Harpiste assise à l’éventail should not be considered a portrait in the conventional sense, but rather an interior still life, in which the furniture and surroundings are as important as the sitter. We do not know the name of the young woman or even for certain that she is a harpist. Helleu’s composition is almost a Whistlerian symphony of blues, greys and lavenders. Indeed, Whistler was quite vocal in his admiration of Helleu’s color schemes. The rich, dark blue of the young woman’s elegant dress is picked up in the almost transparent fabric between the spines of the fan, is lightened in the upholstery of the French chair in the background and is lighter still in the pale hues of the door behind her. It is echoed again in the floral arrangement, the reflection in the mirror and in the base of the lamp in background. The entire composition is bathed in the warm glow of the lamp and the rich wood of the harp, and this golden aura provides a soothing counterpoint to the coolness of blue as a pigment.

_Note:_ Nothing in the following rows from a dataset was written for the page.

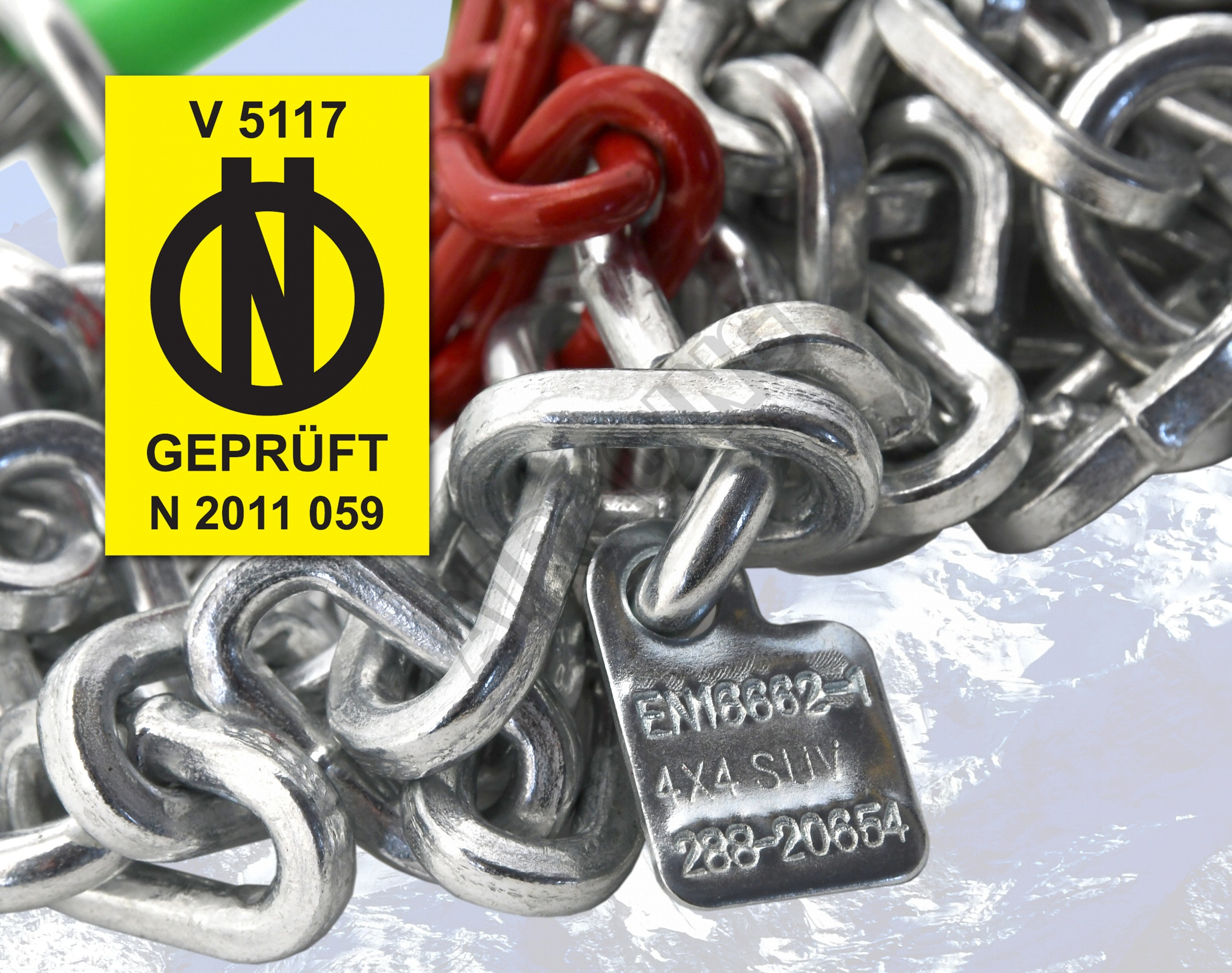 Sněhové řetězy, pro SUV/VAN do hmotnosti 7500 kg, splňující evropské normy včetně v Rakousku vyžadované "ÖNORM V 5117". Lze použít i pro dodávky a obytná vozidla.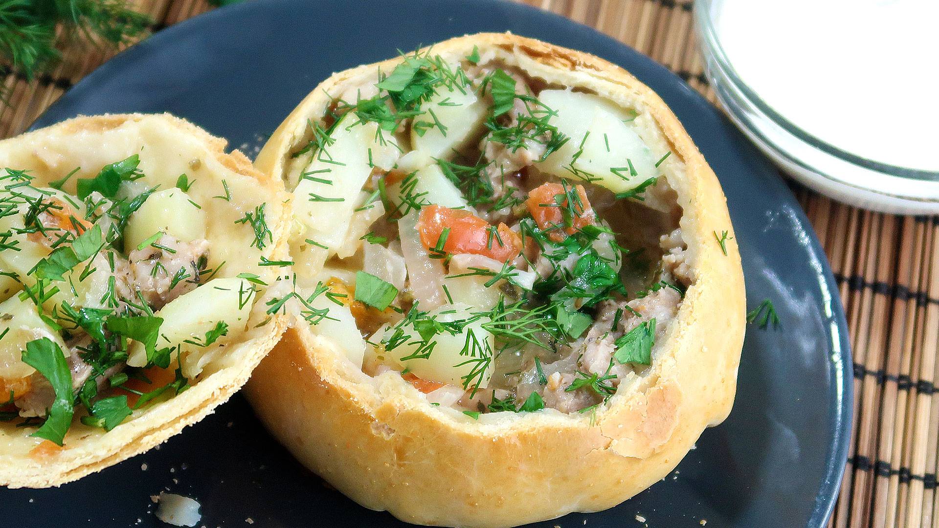 Жаркое из свинины в съедобном горшочке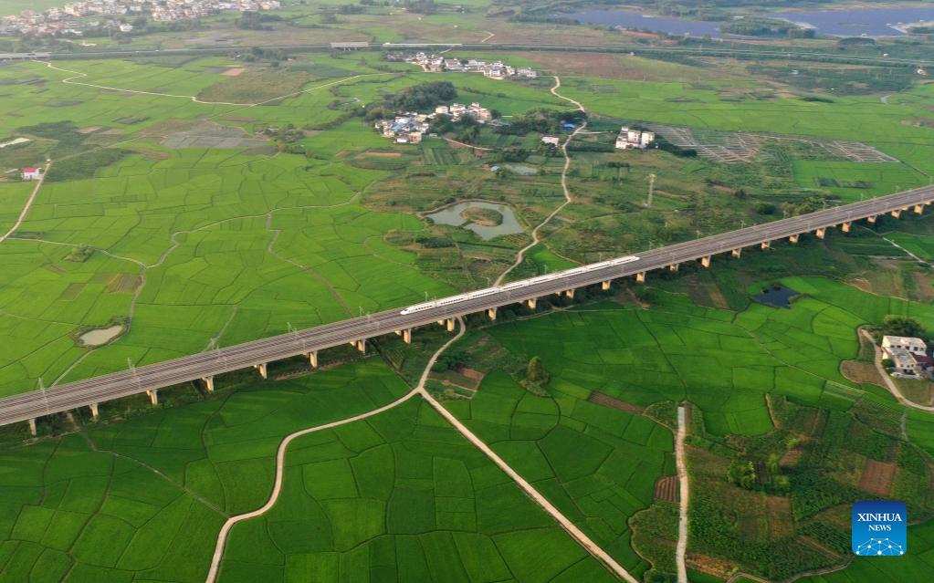 Aerial photo taken on Sept. 19, 2021 shows a bullet train running above paddy fields in Gula Township, Binyang County, south China's Guangxi Zhuang Autonomous Region. (Xinhua/Huang Xiaobang)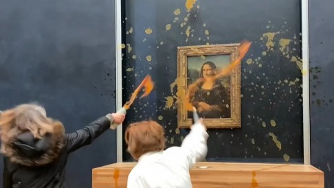 นักเคลื่อนไหวสองคนที่เกี่ยวข้องกับกลุ่มสิ่งแวดล้อม Riposte Alimentaire จัดการประท้วงปาซุปเพื่อต่อต้าน โมนาลิซ่า งานศิลปะอันโด่งดัง โดยให้เหตุผลว่า มีจุดมุ่งหมายเพื่อเน้นย้ำความกังวลเกี่ยวกับการผลิตอาหารที่ไม่ยั่งยืน ( unsustainable food production )ในฝรั่งเศส โดยผู้ประท้วงขว้างซุปสีส้มไปที่ภาพวาด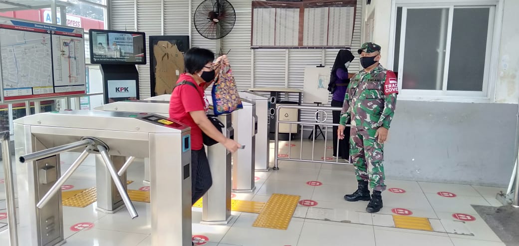Menurut Danramil Cengkareng Kapten Edy Moerdoko, selain himbauan para Babinsa juga membagikan masker kepada masyarakat yang tidak menggunakan masker saat berada di stasiun.

This combination of strong strokes, flashy reflections and exuberant tonal contrasts exude the panache and confidence that made Helleu the darling of the aristocracy and secured his position among the ranks of the most fashionable artists of the day. In the course of his long career, Helleu was welcomed into the highest echelons of Parisian society and he has been favorably compared to Marcel Proust as having created a visual imagery to compliment the writer’s literary descriptions of French society at the turn of the 20th century.
We are grateful to Les Amis de Paul-César Helleu for confirming the authenticity of this work, which has been registered in their archive as n° PA-1537.